**Data extracted from a collection**.

····················

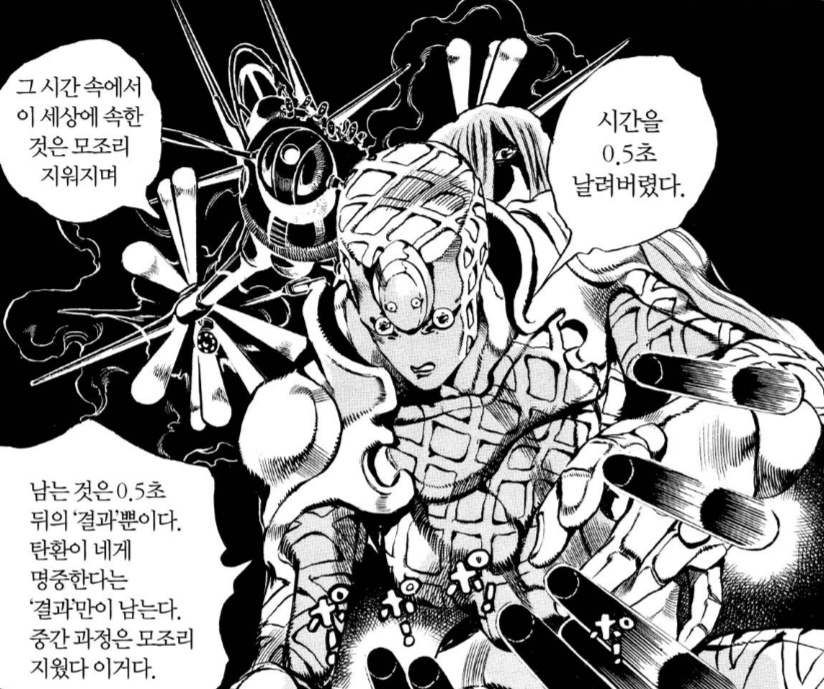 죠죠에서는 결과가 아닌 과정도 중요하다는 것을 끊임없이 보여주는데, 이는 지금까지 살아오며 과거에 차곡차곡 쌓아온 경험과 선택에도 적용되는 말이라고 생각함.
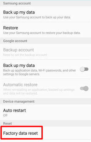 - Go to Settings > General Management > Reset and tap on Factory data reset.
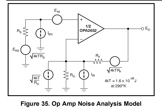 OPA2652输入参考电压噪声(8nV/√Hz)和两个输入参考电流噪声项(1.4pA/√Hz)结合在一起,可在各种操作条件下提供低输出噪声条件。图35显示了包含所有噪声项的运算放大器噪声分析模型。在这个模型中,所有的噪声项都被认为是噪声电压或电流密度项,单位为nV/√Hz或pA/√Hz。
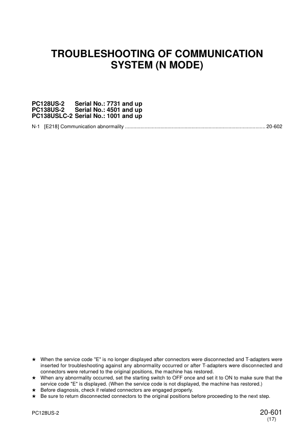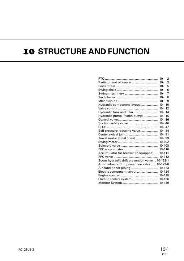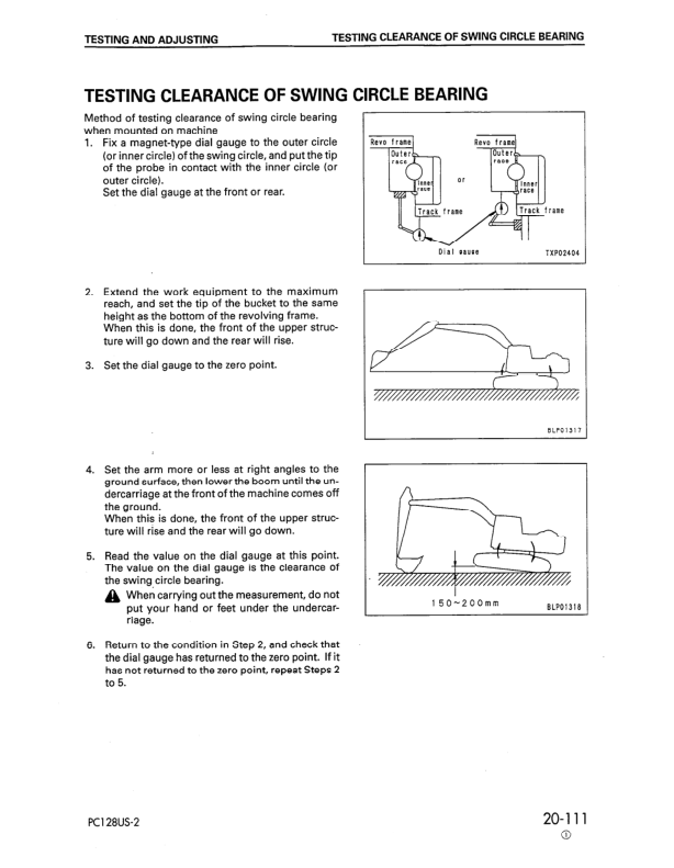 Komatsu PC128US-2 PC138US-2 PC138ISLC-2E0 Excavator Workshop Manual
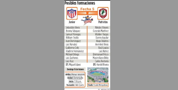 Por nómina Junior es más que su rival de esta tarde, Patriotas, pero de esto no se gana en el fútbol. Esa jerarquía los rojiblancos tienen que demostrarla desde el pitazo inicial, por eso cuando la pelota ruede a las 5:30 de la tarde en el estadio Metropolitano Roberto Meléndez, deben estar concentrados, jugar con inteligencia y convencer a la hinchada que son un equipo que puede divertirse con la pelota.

····················

**Task instructions**. Beginning with the line that contains "OPA2652输入参考电压噪", output every line down to the last line of the entries above exactly as written, apart from the pictures.

**Task result**.
 OPA2652输入参考电压噪声(8nV/√Hz)和两个输入参考电流噪声项(1.4pA/√Hz)结合在一起,可在各种操作条件下提供低输出噪声条件。图35显示了包含所有噪声项的运算放大器噪声分析模型。在这个模型中,所有的噪声项都被认为是噪声电压或电流密度项,单位为nV/√Hz或pA/√Hz。
 Komatsu PC128US-2 PC138US-2 PC138ISLC-2E0 Excavator Workshop Manual
 Por nómina Junior es más que su rival de esta tarde, Patriotas, pero de esto no se gana en el fútbol. Esa jerarquía los rojiblancos tienen que demostrarla desde el pitazo inicial, por eso cuando la pelota ruede a las 5:30 de la tarde en el estadio Metropolitano Roberto Meléndez, deben estar concentrados, jugar con inteligencia y convencer a la hinchada que son un equipo que puede divertirse con la pelota.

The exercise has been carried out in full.